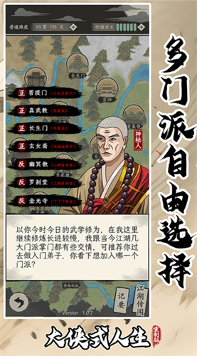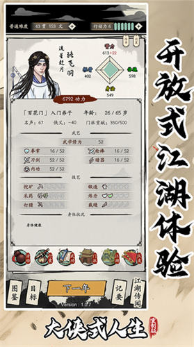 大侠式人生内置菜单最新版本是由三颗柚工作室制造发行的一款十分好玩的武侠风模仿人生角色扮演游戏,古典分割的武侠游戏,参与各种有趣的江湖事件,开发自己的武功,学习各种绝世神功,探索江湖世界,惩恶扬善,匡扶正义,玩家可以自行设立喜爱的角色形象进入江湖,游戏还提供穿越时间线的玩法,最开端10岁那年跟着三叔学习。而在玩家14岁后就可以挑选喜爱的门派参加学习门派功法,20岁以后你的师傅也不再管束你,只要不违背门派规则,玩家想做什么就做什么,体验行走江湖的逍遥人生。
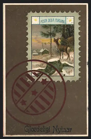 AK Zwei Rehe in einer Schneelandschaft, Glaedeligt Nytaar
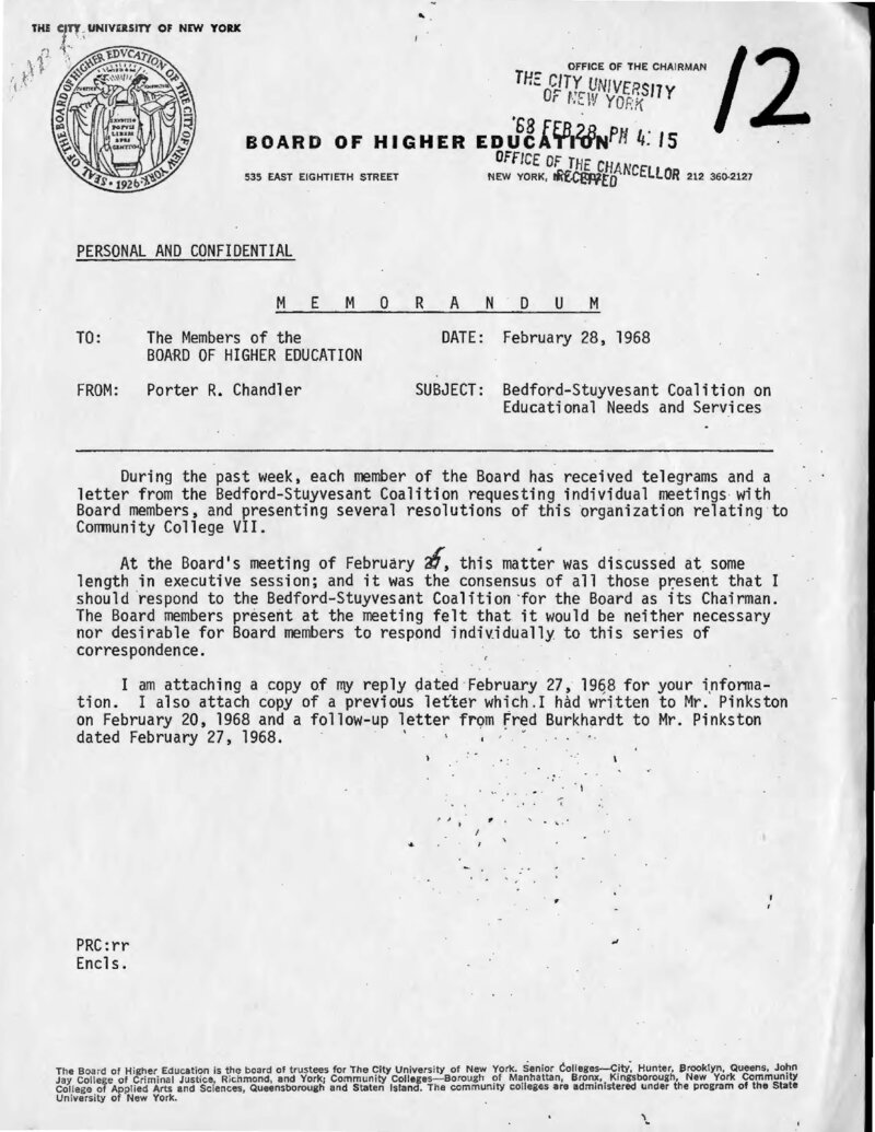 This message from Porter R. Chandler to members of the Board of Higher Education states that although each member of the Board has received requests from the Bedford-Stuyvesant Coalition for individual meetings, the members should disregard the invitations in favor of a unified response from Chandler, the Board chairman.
-------------------------
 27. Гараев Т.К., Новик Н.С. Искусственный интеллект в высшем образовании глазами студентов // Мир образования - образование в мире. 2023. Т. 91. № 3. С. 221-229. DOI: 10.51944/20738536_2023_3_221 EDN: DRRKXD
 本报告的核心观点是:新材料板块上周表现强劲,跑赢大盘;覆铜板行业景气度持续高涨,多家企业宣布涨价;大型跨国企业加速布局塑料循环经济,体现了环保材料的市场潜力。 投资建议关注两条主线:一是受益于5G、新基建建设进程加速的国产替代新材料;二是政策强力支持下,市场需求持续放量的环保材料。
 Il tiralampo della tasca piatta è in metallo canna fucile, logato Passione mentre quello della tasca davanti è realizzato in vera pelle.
-------------------------
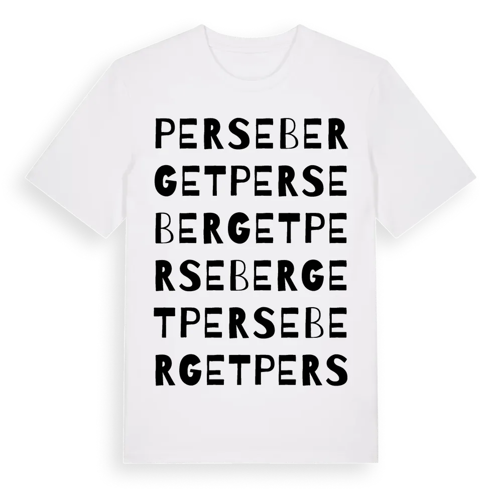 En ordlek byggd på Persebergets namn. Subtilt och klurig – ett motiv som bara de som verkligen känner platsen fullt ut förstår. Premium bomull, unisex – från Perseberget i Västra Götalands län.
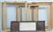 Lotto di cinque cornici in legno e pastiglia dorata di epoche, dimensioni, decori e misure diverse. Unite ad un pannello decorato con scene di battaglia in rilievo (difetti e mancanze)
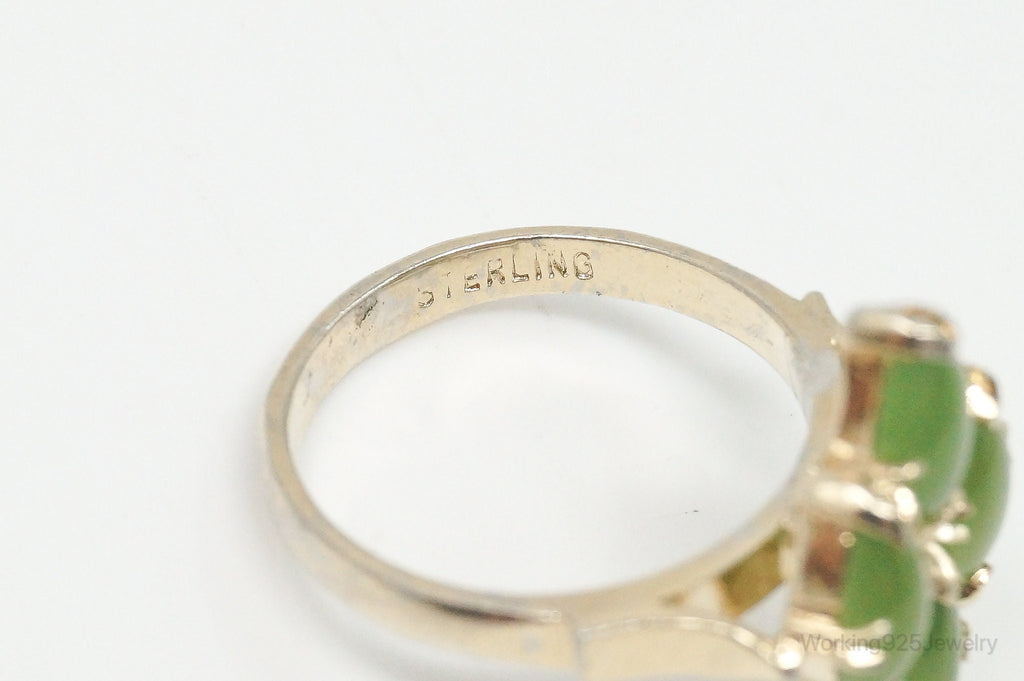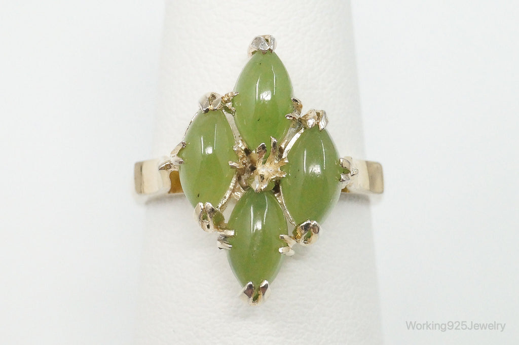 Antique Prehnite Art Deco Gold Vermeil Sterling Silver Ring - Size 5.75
-------------------------
**Description of the task:** Write back word for word every line in the entries above from the one with "AK Zwei Rehe" to the one with "This message from", ends included, and none of the pictures.

**Task response:**
 AK Zwei Rehe in einer Schneelandschaft, Glaedeligt Nytaar
 This message from Porter R. Chandler to members of the Board of Higher Education states that although each member of the Board has received requests from the Bedford-Stuyvesant Coalition for individual meetings, the members should disregard the invitations in favor of a unified response from Chandler, the Board chairman.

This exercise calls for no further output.